Hey guys, Noob questions here.

I only have had extensive experience with one vehicle before so Im not sure if this is normal. When I remove the gas cap on my hardbody there is quite the rush of air. I cannot tell if its going in or out. Is this normal? My POS mazda didn't do this. Im not sure if its related but sometimes when I stop the engine I can hear a buzzing from the fuel tank (fuel pump?) for maybe a minute after.


Also my stearing seems really loose.. Is there anything that can be done? Small bumbs send me veering lol.


----------



## zanegrey (Dec 5, 2005)

the lower the fuel amount the greater the pressure.. yes it is normal..

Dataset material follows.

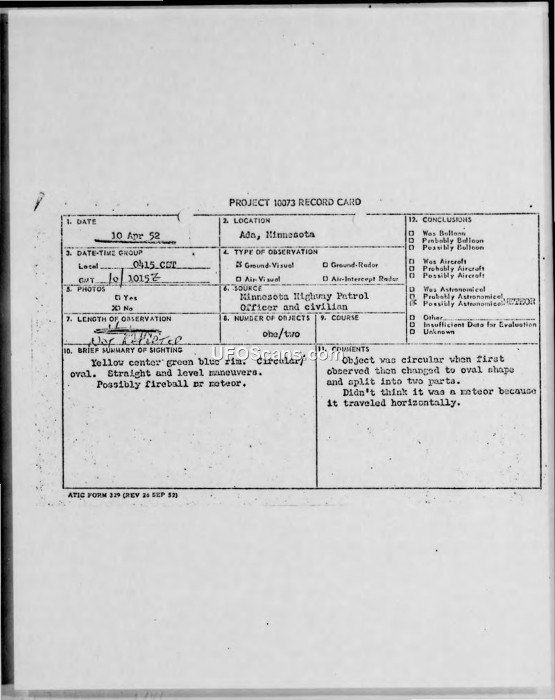 Project 10073 Record Card — 10 Apr 52, Ada, Minnesota
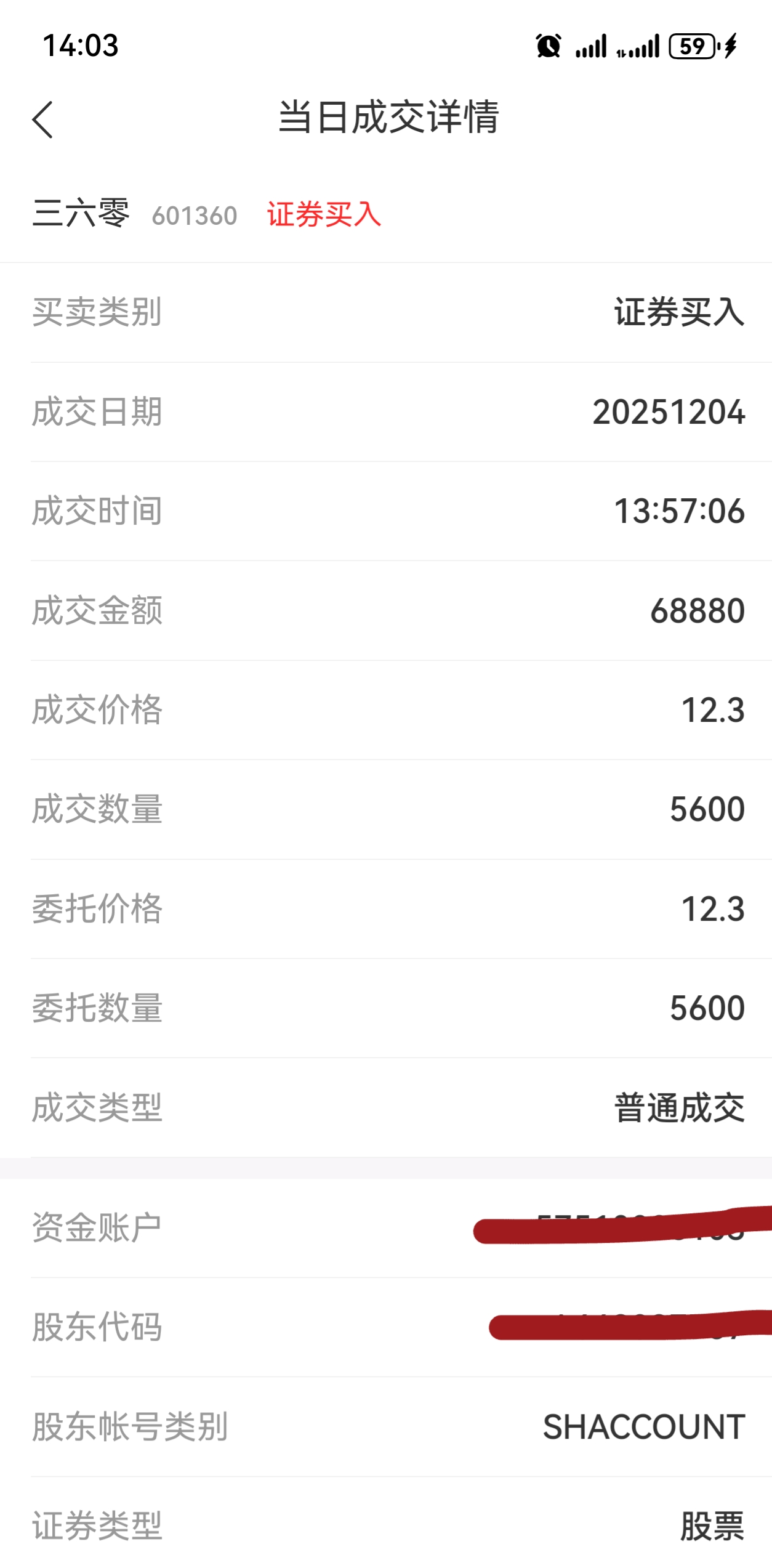 $三六零(SH601360)$ 买了7万块,逢买必跌。股友们又来害你们了

check steering components.

tie rod ends and ball joints.
but it sounds like bad shocks or you have looesned the torision bars...


----------



## CalHvyMetl (Dec 4, 2006)

Yes, it's normal because the fuel pump pressurizes the gas tank. I was used to Ford's fuel pump which pressurized the fuel line. So, I totally understand your confusion, and yes that's why your fuel pump runs even when the truck is not running.


----------



## NissanPartsDept (Mar 31, 2010)

The fuel pump does not pressurize the fuel tank and you should not be hearing a buzzing noise from the tank when the key is off.
It is normal for the tank to build up some pressure just from fuel expansion. However, there is such a thing as too much pressure/vacuum.
Try to determine where the buzzing noise is coming from. The cap? you may have a plugged carbon canister.


----------



## CalHvyMetl (Dec 4, 2006)

Okay, my mistake. I assumed that since this is the first vehicle I've owned that has a pressure rated gas cap, that it had a pressurized tank. So why has my fuel pump run without the key being on for the last 15 years? I thought it was tripped by a pressure switch, but I'm obviously wrong.


----------



## herrry.orason (Apr 10, 2010)

Check your evap fuel emissions canister for any plugged lines. The tank vents to this canister to trap excess hydrocarbon before its released to the atmosphere. Small dirt particles are all it takes to clog the system. A little hissing noise when the gas cap is backed away is normal from time to time, but the smell of gas, etc signals a plugged line or bad canister. Replace the canister.


----------



## zanegrey (Dec 5, 2005)

the lower the fuel amount the greater the pressure.. yes it is normal..

what did you do about the suspension ??


----------



## NissanPartsDept (Mar 31, 2010)

Yes pressure build-up in the tank is normal to a certain extent. If the pressure is building to the point that you are getting a buzzing noise from the tank area after turning off the engine, this is not normal and could be dangerous. Get it checked out.


----------



## zanegrey (Dec 5, 2005)

change the cap...


----------